- _Problem statement_
Every line below from the one with "重量级云梯车登场 每一个小男孩都梦想拥有一辆属于自己的云梯车 30米云梯车伸展,适用于高空救援" through the one with "烤羊腿是内蒙古的主要特产美食" should be retyped exactly, both ends included; no other lines and no pictures.

Provided data Start Marker

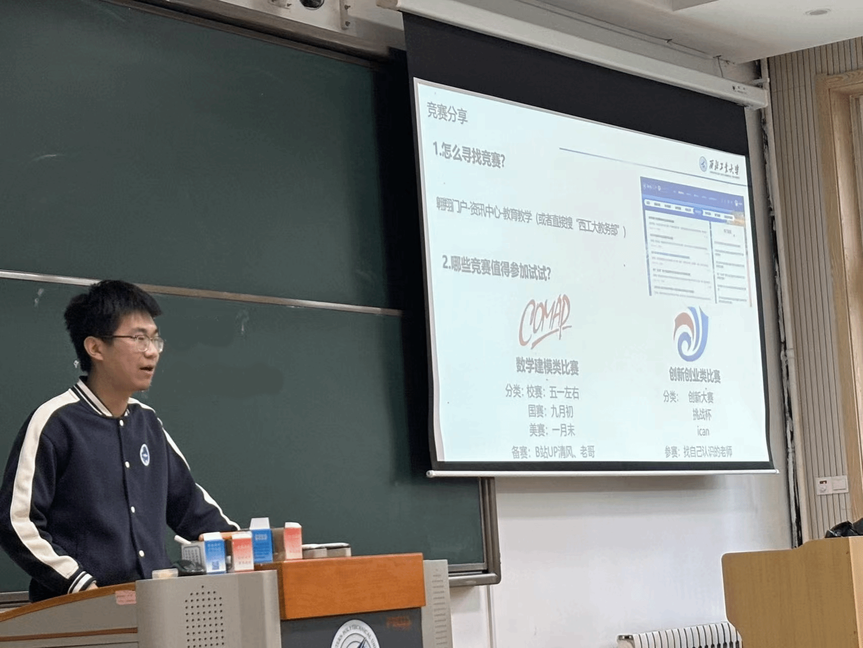 侯钰坤作为铸剑班成员,他建议大家以赛促学,拓展能力边界,主动联系熟悉领域的教师指导参赛。同时,他还建议同学们列好日程表,明确任务优先级;通过体育运动保持头脑清醒,以提高学习效率。最后,侯钰坤鼓励同学们以行动为导向,在探索中积累,在坚持中突破,但行好事,莫问前程。
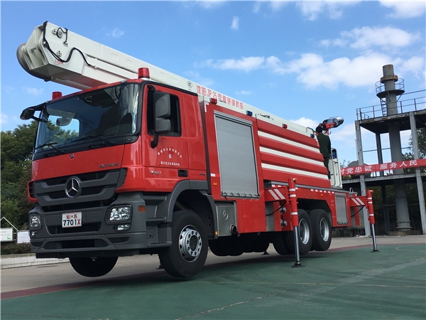 重量级云梯车登场 每一个小男孩都梦想拥有一辆属于自己的云梯车 30米云梯车伸展,适用于高空救援 “小小消防员”登顶云梯车,体验一把消防员的日常工作
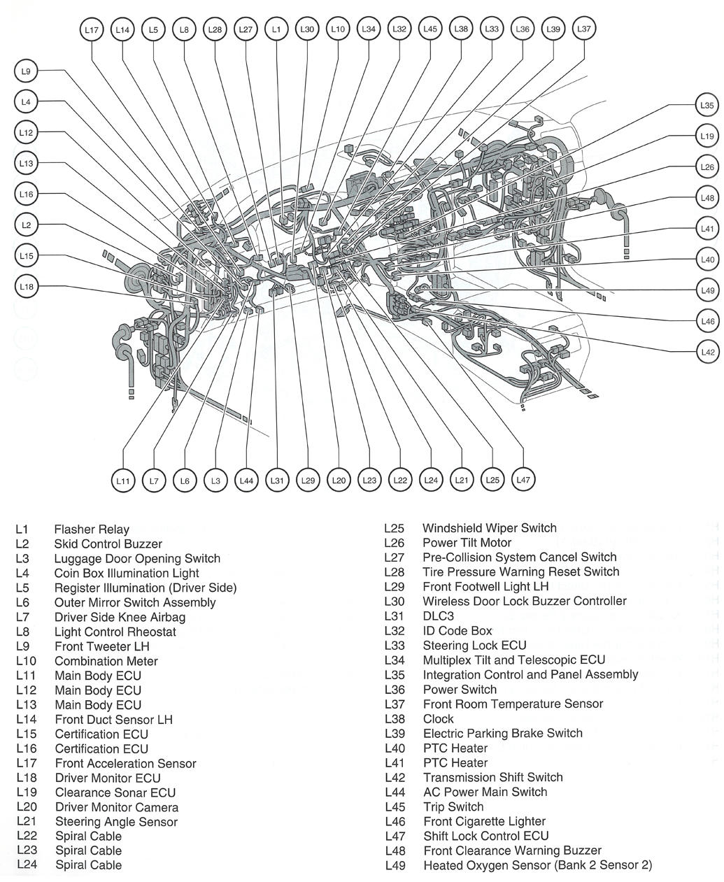 | Driver Monitor ECU | Behind left end of dash. See Figure. |
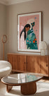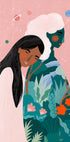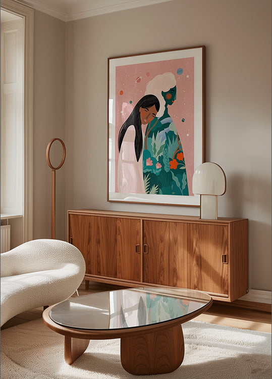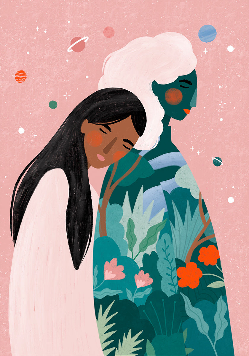 Une illustration symbolique et moderne montrant deux femmes entourées d'éléments cosmiques et d'une nature luxuriante. L'œuvre d'art exprime des thèmes tels que la protection, la maternité, l'amitié et l'harmonie entre l'homme et la nature.
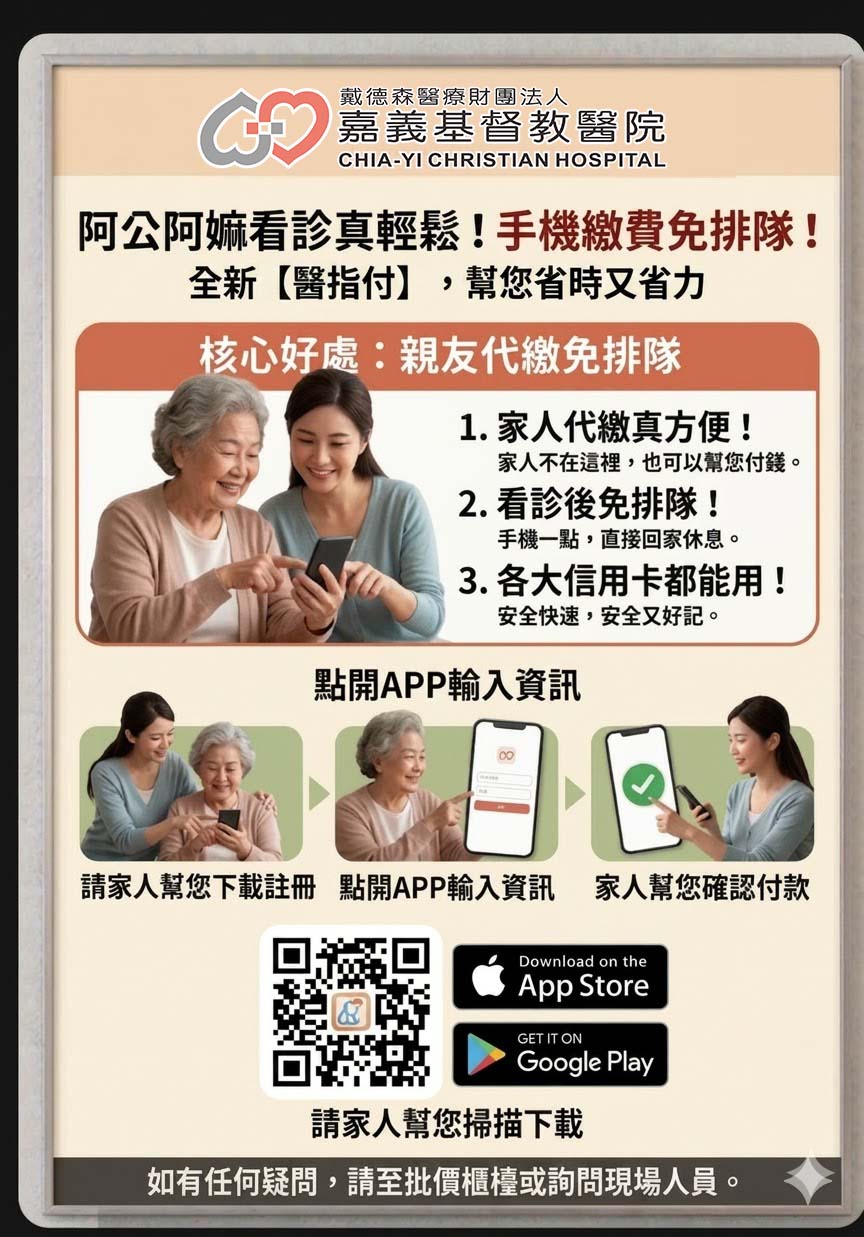 嘉基醫指付!手機繳費免排隊,看診真輕鬆!
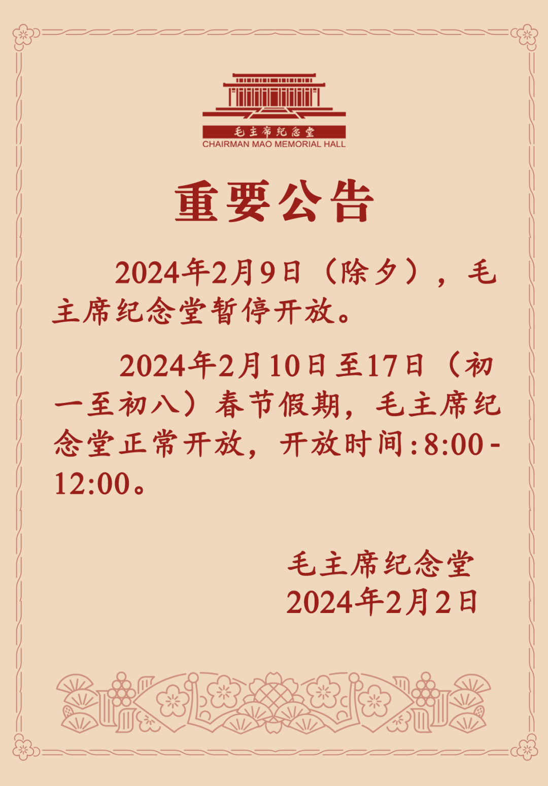 2024年2月9日(除夕),毛主席紀(jì)念堂暫停開放。
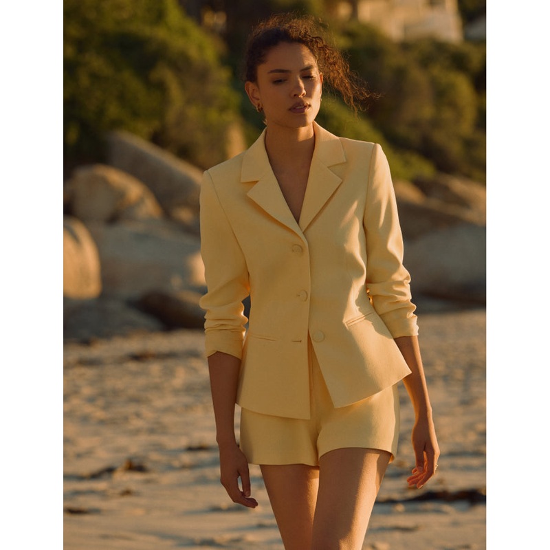 Designed for the perfect fit. Coming in butter yellow, our blazer has all the hallmarks of a classic, including three single breasted covered buttons and a notched neckline. We love its fitted design and slightly peplum hem. Style yours with our matching trousers.
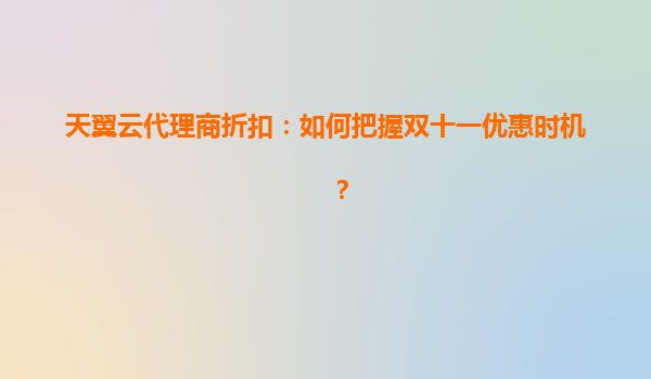 2025-06-10天翼云代理商折扣:双十一优惠时机全攻略 一、双十一:企业云服务采购的黄金窗口 双十一是天翼云年度最大促销节点,代理商可获得叠加折扣(基础产品5折起+额外代理返点)。2022年数据显...
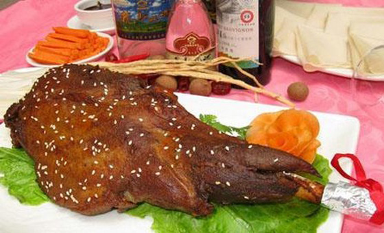 烤羊腿是内蒙古的主要特产美食之一,也是他们招待宾客的一道佳肴名菜。烤羊腿从烤全羊演变而来,色美、肉香、外焦、内嫩、干酥不腻,被人们赞为“眼未见其物,香味已扑鼻”。
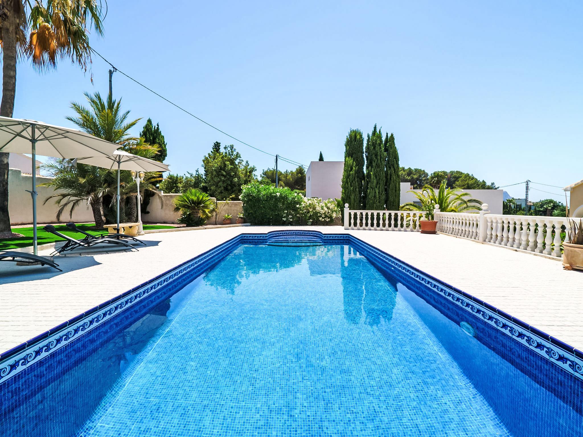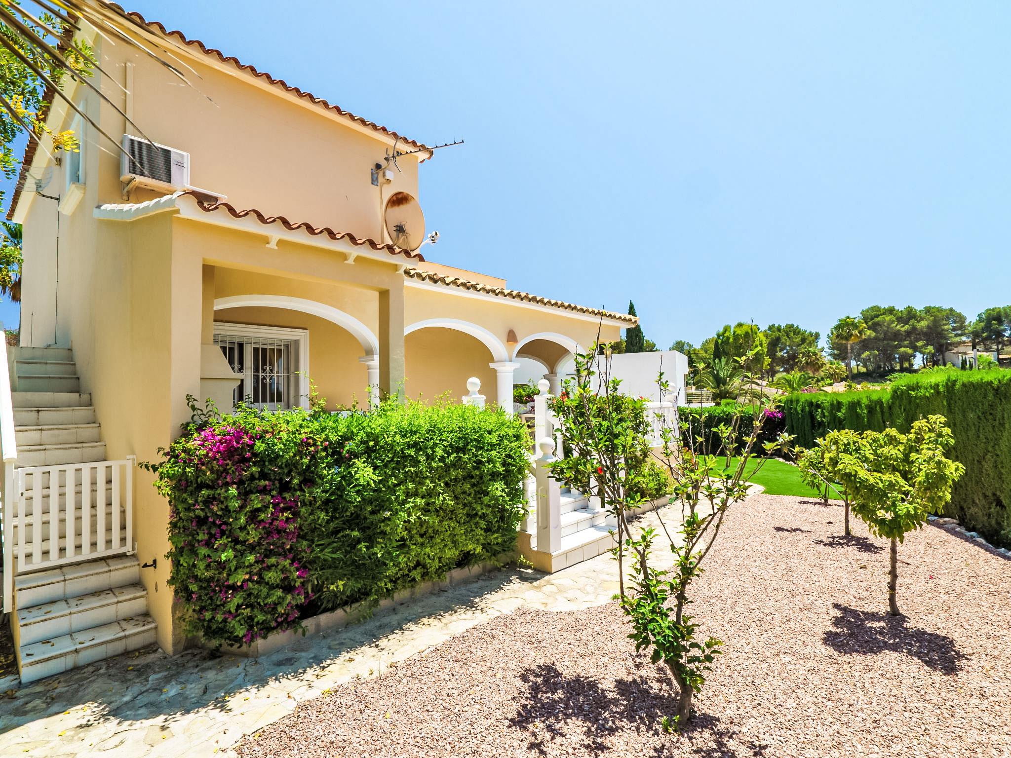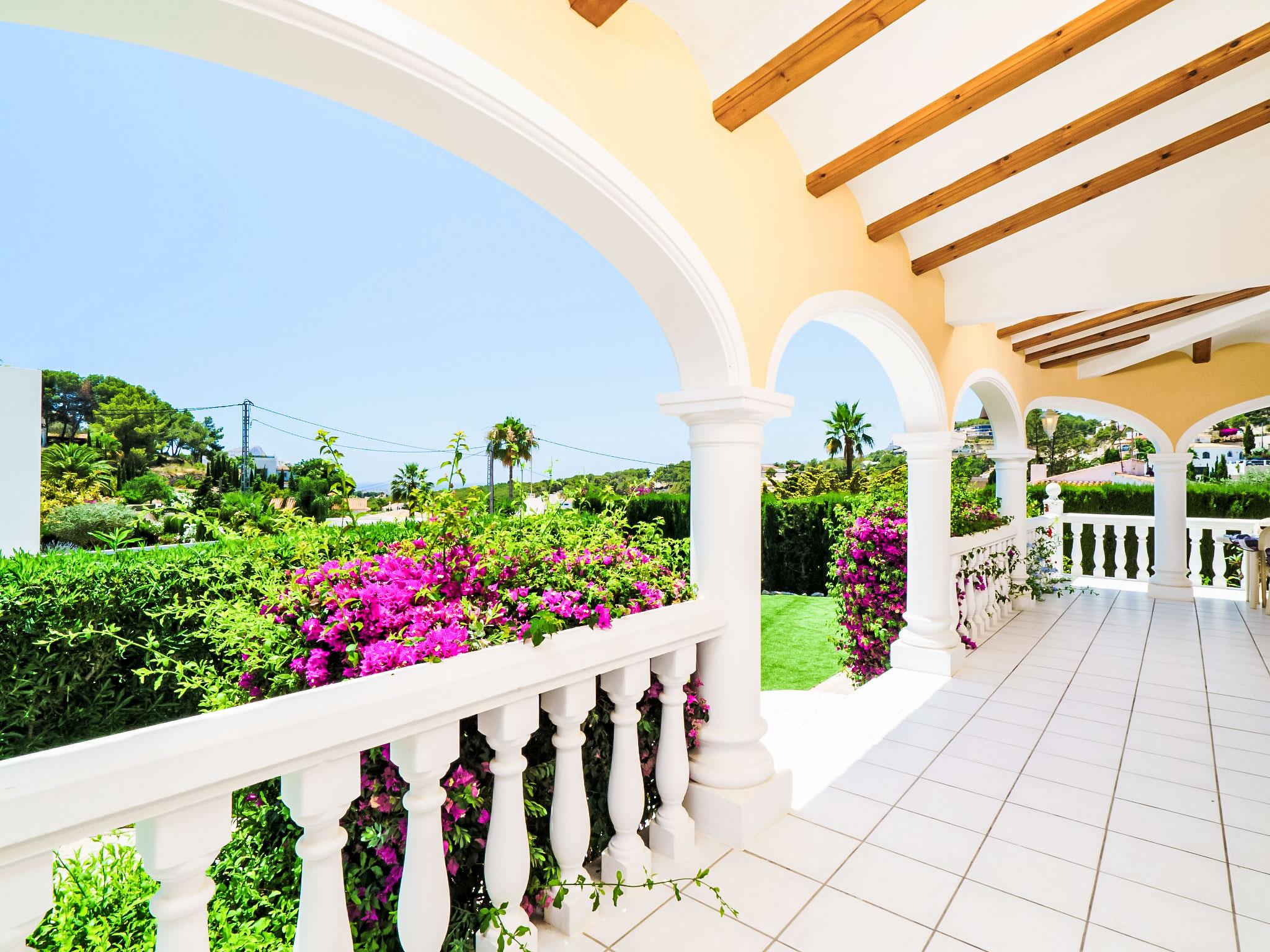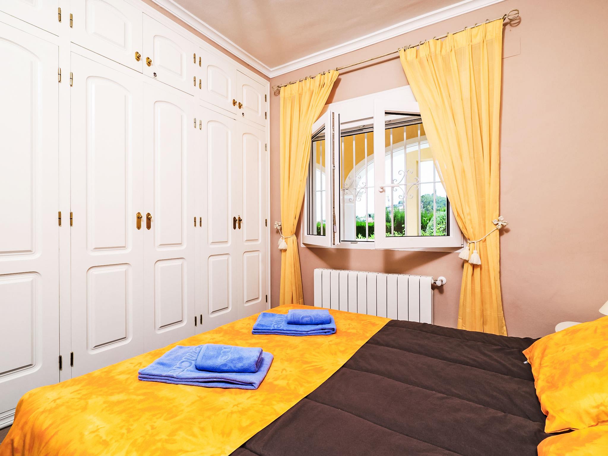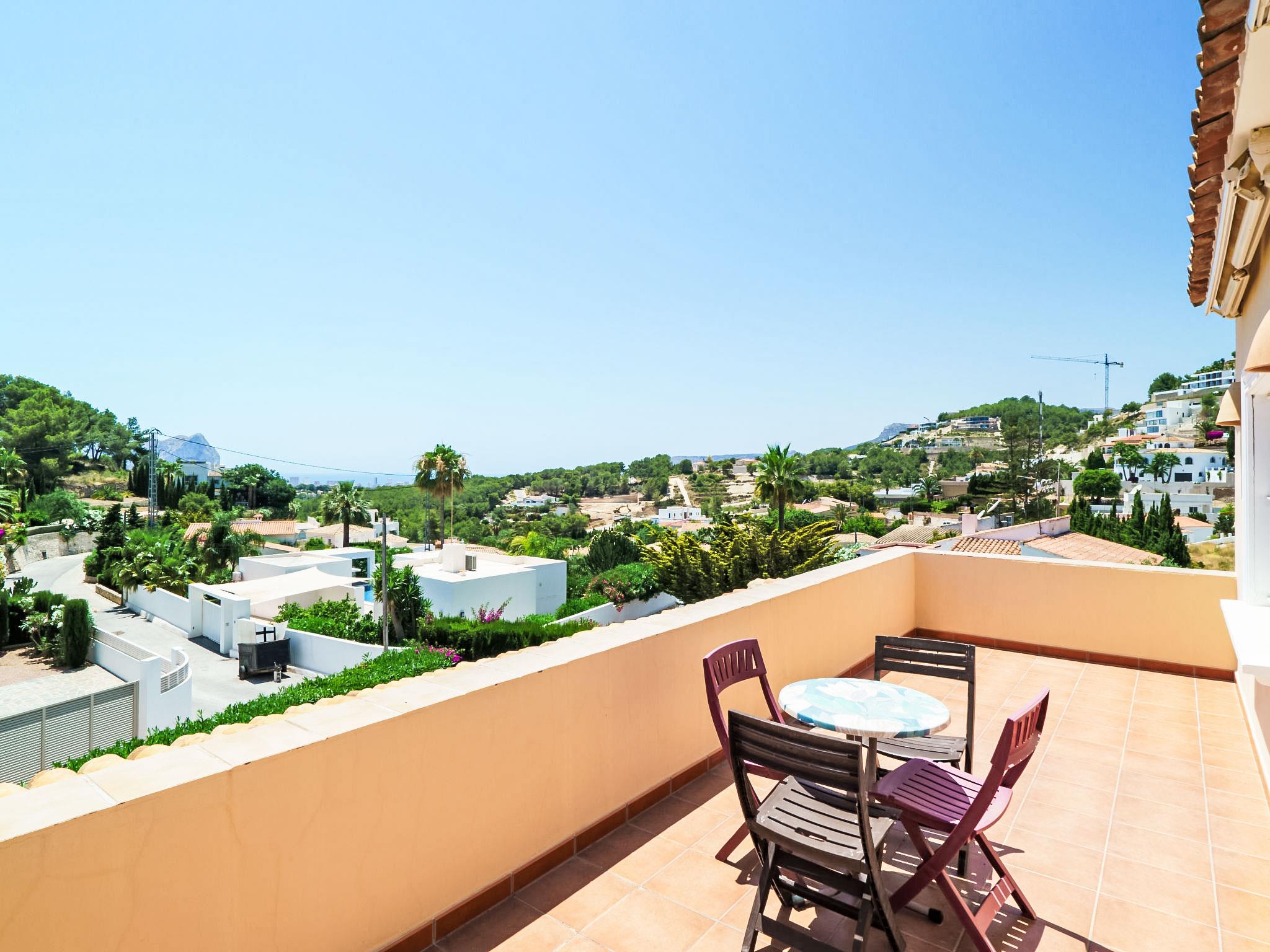 Los Bancales Benissa: Very beautiful, cosy, comfortable house "Alina", 2 storeys. In the district of Benissa 8 km from the centre of Moraira, 8 km from the centre of Calpe, in a secluded, quiet, sunny position, 1.5 km from the sea, 1.5 km from the beach, in a cul-de-sac. Private: large, beautiful, well-kept garden 910 m2 (fenced) with lawn and trees, swimming pool angular (4 x 10 m, depth 140 - 220 cm, seasonal availability: 01.Jan. - 31.Dec.) with internal staircase. Outdoor shower, terrace, garden furniture. In the house: internet access, WiFi, washing machine. Roofed, parking (for 3 cars) on the premises. Carport. Supermarket 1.5 km, restaurant 1.5 km, bus stop 7 km, sandy beach 5 km, swimming bay 1.5 km. Golf course (9 hole) 8 km. Please note: car recommended. Suitable for families, suitable for seniors. The owner does not accept any youth groups.

Provided data End Marker

- _Answer section_
 重量级云梯车登场 每一个小男孩都梦想拥有一辆属于自己的云梯车 30米云梯车伸展,适用于高空救援 “小小消防员”登顶云梯车,体验一把消防员的日常工作
 | Driver Monitor ECU | Behind left end of dash. See Figure. |
 Une illustration symbolique et moderne montrant deux femmes entourées d'éléments cosmiques et d'une nature luxuriante. L'œuvre d'art exprime des thèmes tels que la protection, la maternité, l'amitié et l'harmonie entre l'homme et la nature.
 嘉基醫指付!手機繳費免排隊,看診真輕鬆!
 2024年2月9日(除夕),毛主席紀(jì)念堂暫停開放。
 Designed for the perfect fit. Coming in butter yellow, our blazer has all the hallmarks of a classic, including three single breasted covered buttons and a notched neckline. We love its fitted design and slightly peplum hem. Style yours with our matching trousers.
 2025-06-10天翼云代理商折扣:双十一优惠时机全攻略 一、双十一:企业云服务采购的黄金窗口 双十一是天翼云年度最大促销节点,代理商可获得叠加折扣(基础产品5折起+额外代理返点)。2022年数据显...
 烤羊腿是内蒙古的主要特产美食之一,也是他们招待宾客的一道佳肴名菜。烤羊腿从烤全羊演变而来,色美、肉香、外焦、内嫩、干酥不腻,被人们赞为“眼未见其物,香味已扑鼻”。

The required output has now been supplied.